### Problem details
Nothing in the records should be changed in the copy, though the pictures must be left out.
++++ Given data
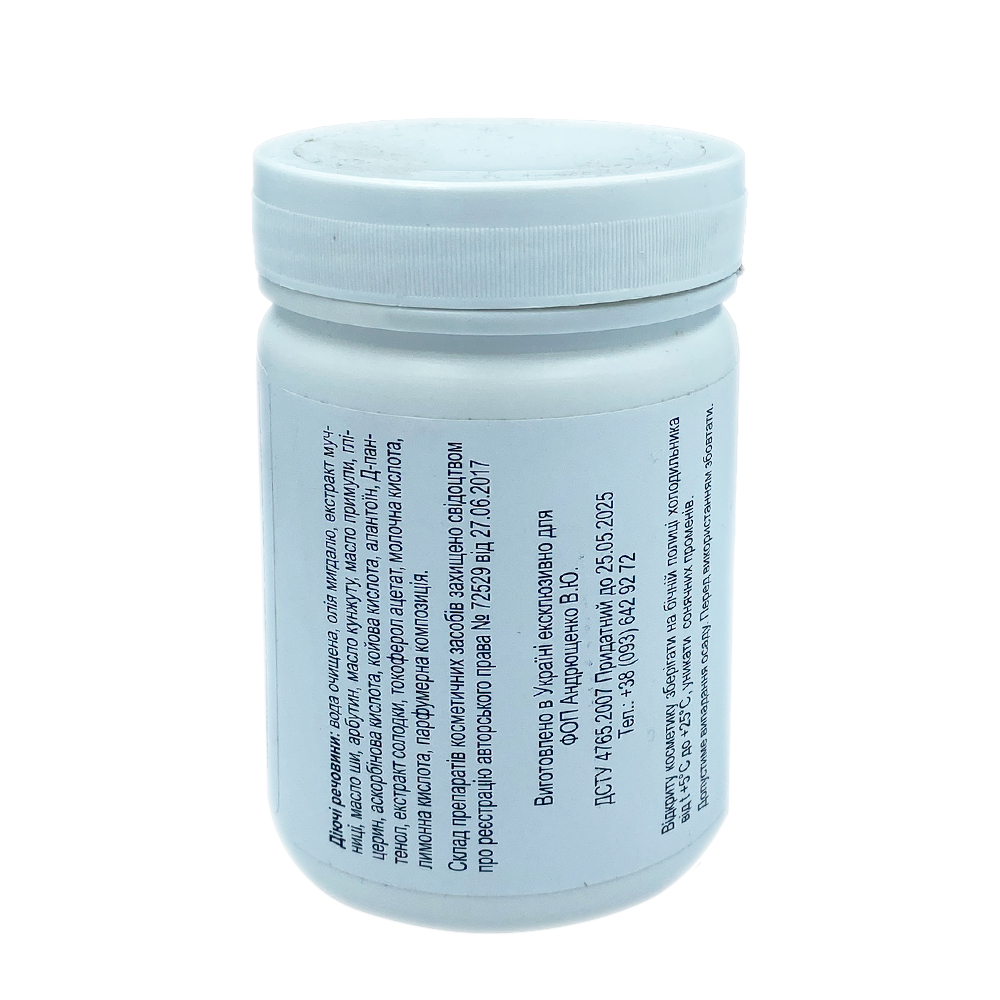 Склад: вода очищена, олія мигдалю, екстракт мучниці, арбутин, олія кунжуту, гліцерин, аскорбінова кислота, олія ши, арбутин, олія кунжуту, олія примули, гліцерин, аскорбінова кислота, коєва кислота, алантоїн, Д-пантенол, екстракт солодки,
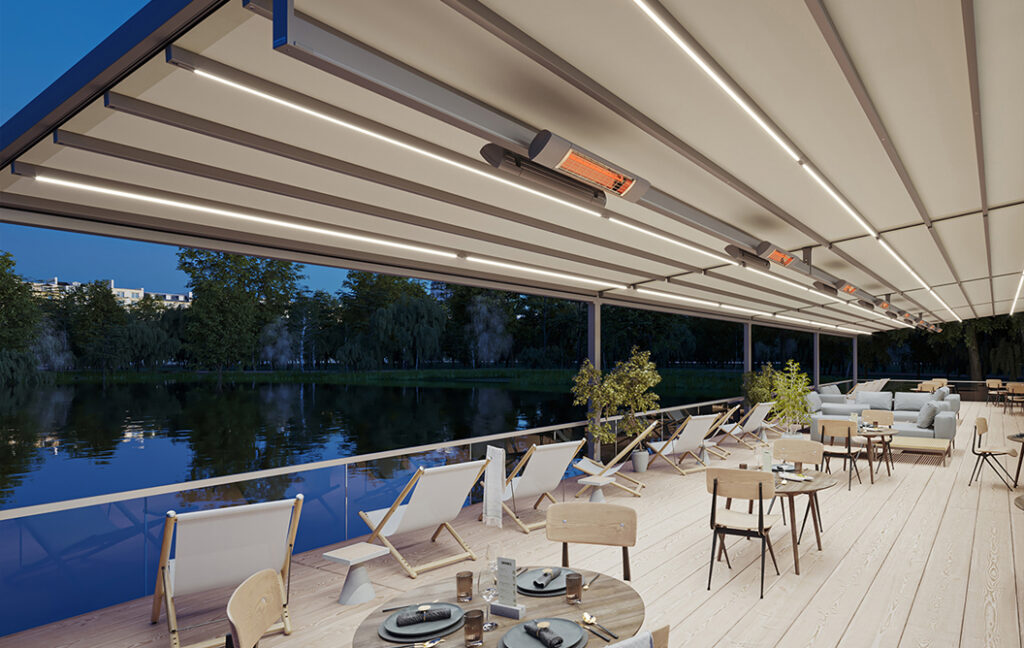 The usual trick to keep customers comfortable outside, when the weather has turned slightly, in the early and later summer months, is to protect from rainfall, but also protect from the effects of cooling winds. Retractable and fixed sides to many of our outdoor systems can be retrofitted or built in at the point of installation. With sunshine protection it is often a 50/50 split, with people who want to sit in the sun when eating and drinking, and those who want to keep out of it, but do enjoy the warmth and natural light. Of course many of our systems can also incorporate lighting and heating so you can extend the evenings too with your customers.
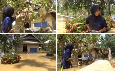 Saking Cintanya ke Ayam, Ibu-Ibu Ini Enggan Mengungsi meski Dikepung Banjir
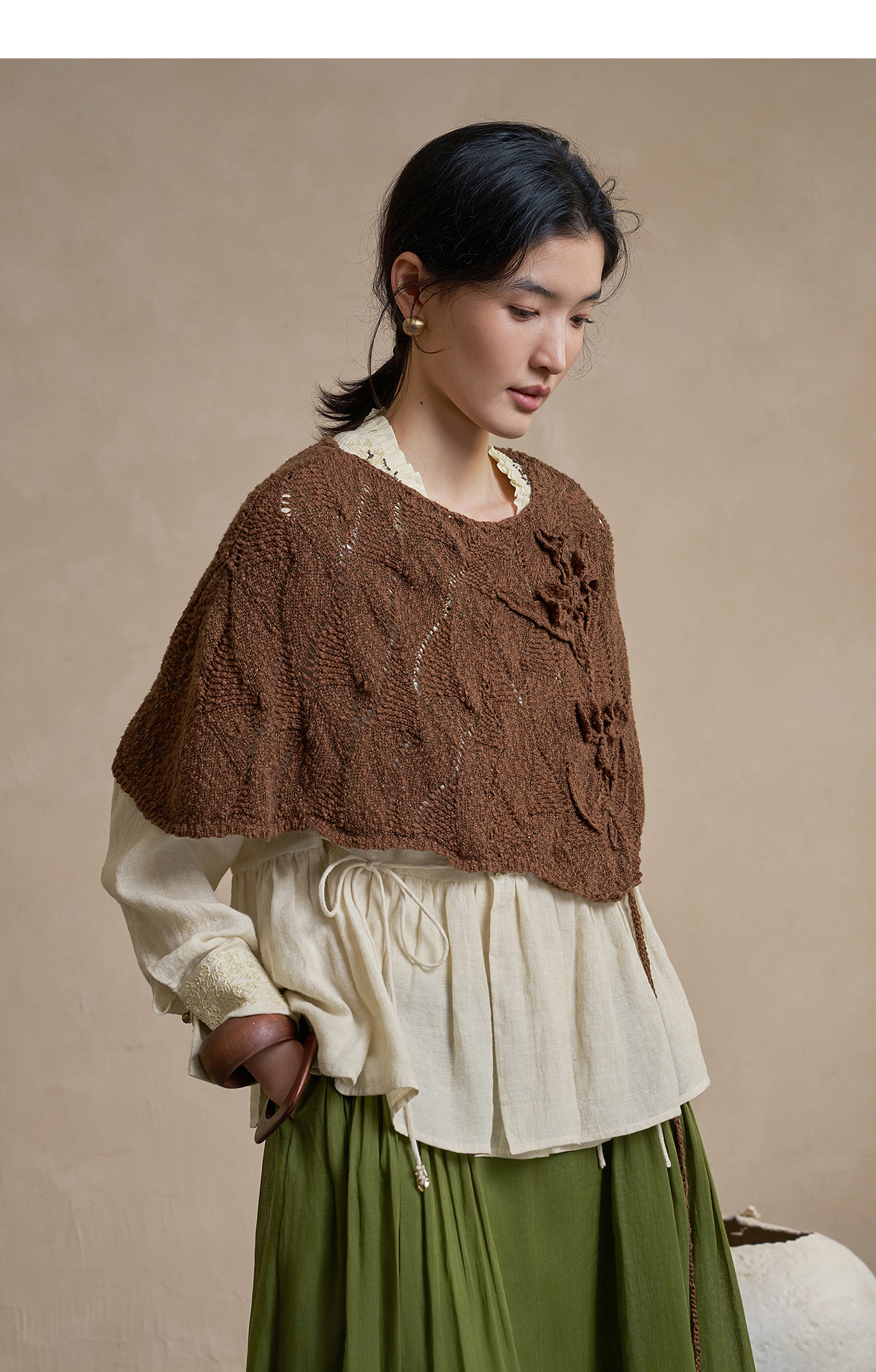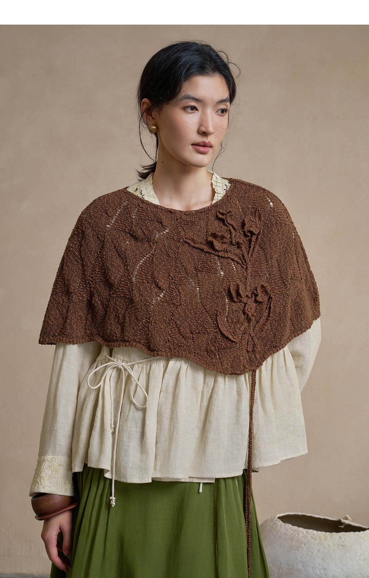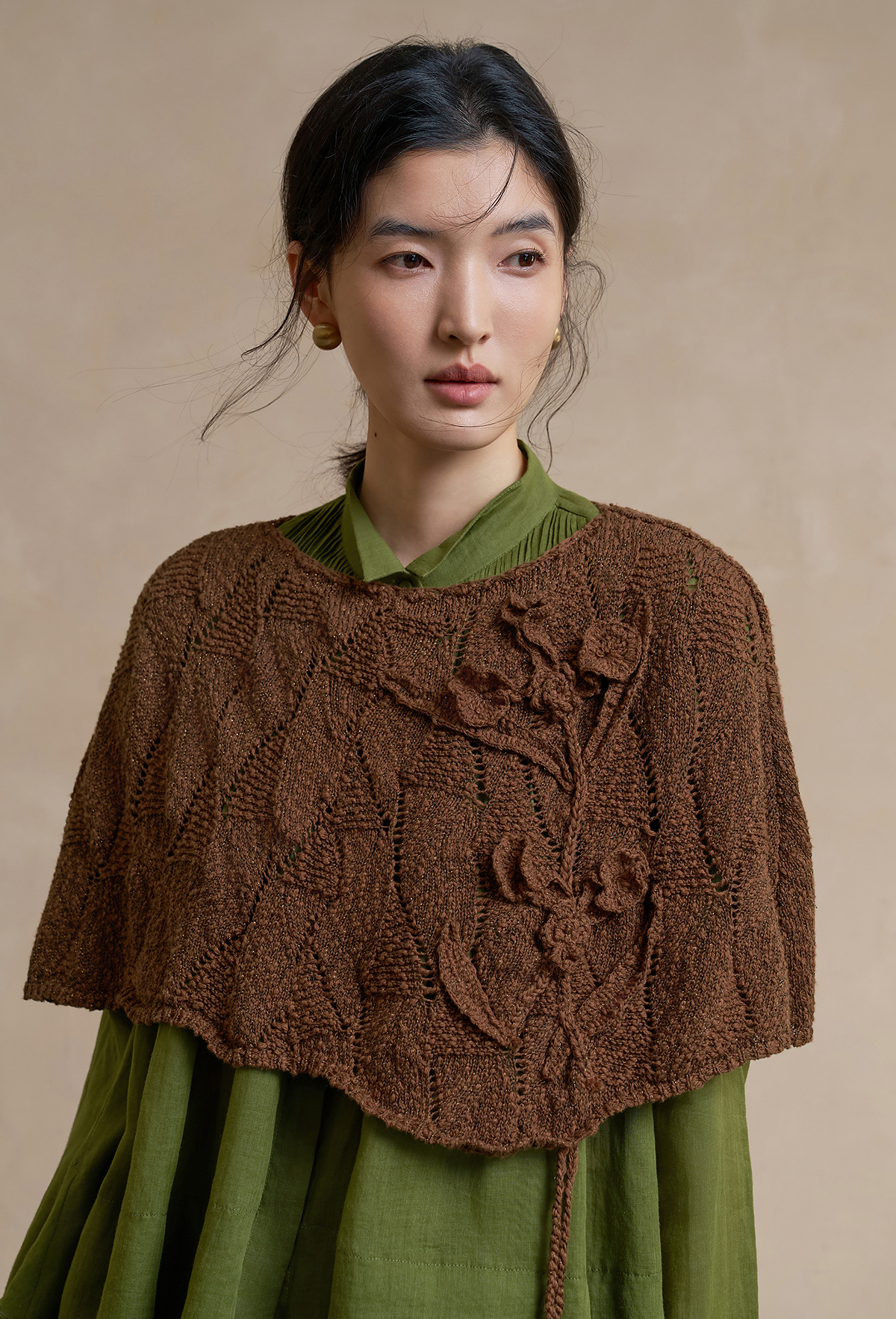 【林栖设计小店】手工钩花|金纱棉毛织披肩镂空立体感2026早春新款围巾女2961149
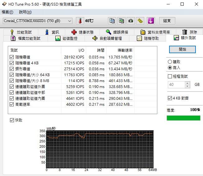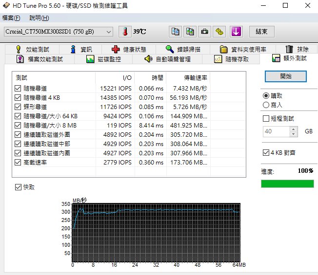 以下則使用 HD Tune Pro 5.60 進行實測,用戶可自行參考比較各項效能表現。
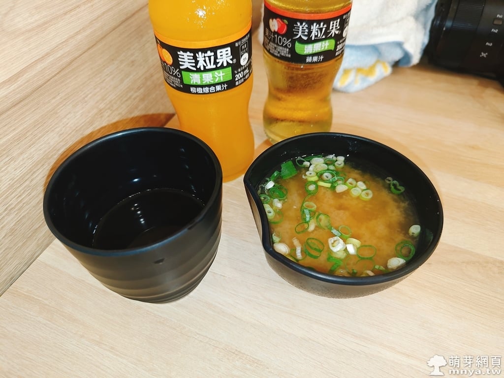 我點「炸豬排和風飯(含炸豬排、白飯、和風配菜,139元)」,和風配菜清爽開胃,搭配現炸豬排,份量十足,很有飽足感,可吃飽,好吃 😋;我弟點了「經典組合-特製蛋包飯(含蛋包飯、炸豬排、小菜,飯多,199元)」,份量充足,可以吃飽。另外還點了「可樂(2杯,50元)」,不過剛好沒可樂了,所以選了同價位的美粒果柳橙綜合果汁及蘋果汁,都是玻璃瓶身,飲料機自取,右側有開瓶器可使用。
++++++++
### Response area
 Склад: вода очищена, олія мигдалю, екстракт мучниці, арбутин, олія кунжуту, гліцерин, аскорбінова кислота, олія ши, арбутин, олія кунжуту, олія примули, гліцерин, аскорбінова кислота, коєва кислота, алантоїн, Д-пантенол, екстракт солодки,
 The usual trick to keep customers comfortable outside, when the weather has turned slightly, in the early and later summer months, is to protect from rainfall, but also protect from the effects of cooling winds. Retractable and fixed sides to many of our outdoor systems can be retrofitted or built in at the point of installation. With sunshine protection it is often a 50/50 split, with people who want to sit in the sun when eating and drinking, and those who want to keep out of it, but do enjoy the warmth and natural light. Of course many of our systems can also incorporate lighting and heating so you can extend the evenings too with your customers.
 Saking Cintanya ke Ayam, Ibu-Ibu Ini Enggan Mengungsi meski Dikepung Banjir
 【林栖设计小店】手工钩花|金纱棉毛织披肩镂空立体感2026早春新款围巾女2961149
 以下則使用 HD Tune Pro 5.60 進行實測,用戶可自行參考比較各項效能表現。
 我點「炸豬排和風飯(含炸豬排、白飯、和風配菜,139元)」,和風配菜清爽開胃,搭配現炸豬排,份量十足,很有飽足感,可吃飽,好吃 😋;我弟點了「經典組合-特製蛋包飯(含蛋包飯、炸豬排、小菜,飯多,199元)」,份量充足,可以吃飽。另外還點了「可樂(2杯,50元)」,不過剛好沒可樂了,所以選了同價位的美粒果柳橙綜合果汁及蘋果汁,都是玻璃瓶身,飲料機自取,右側有開瓶器可使用。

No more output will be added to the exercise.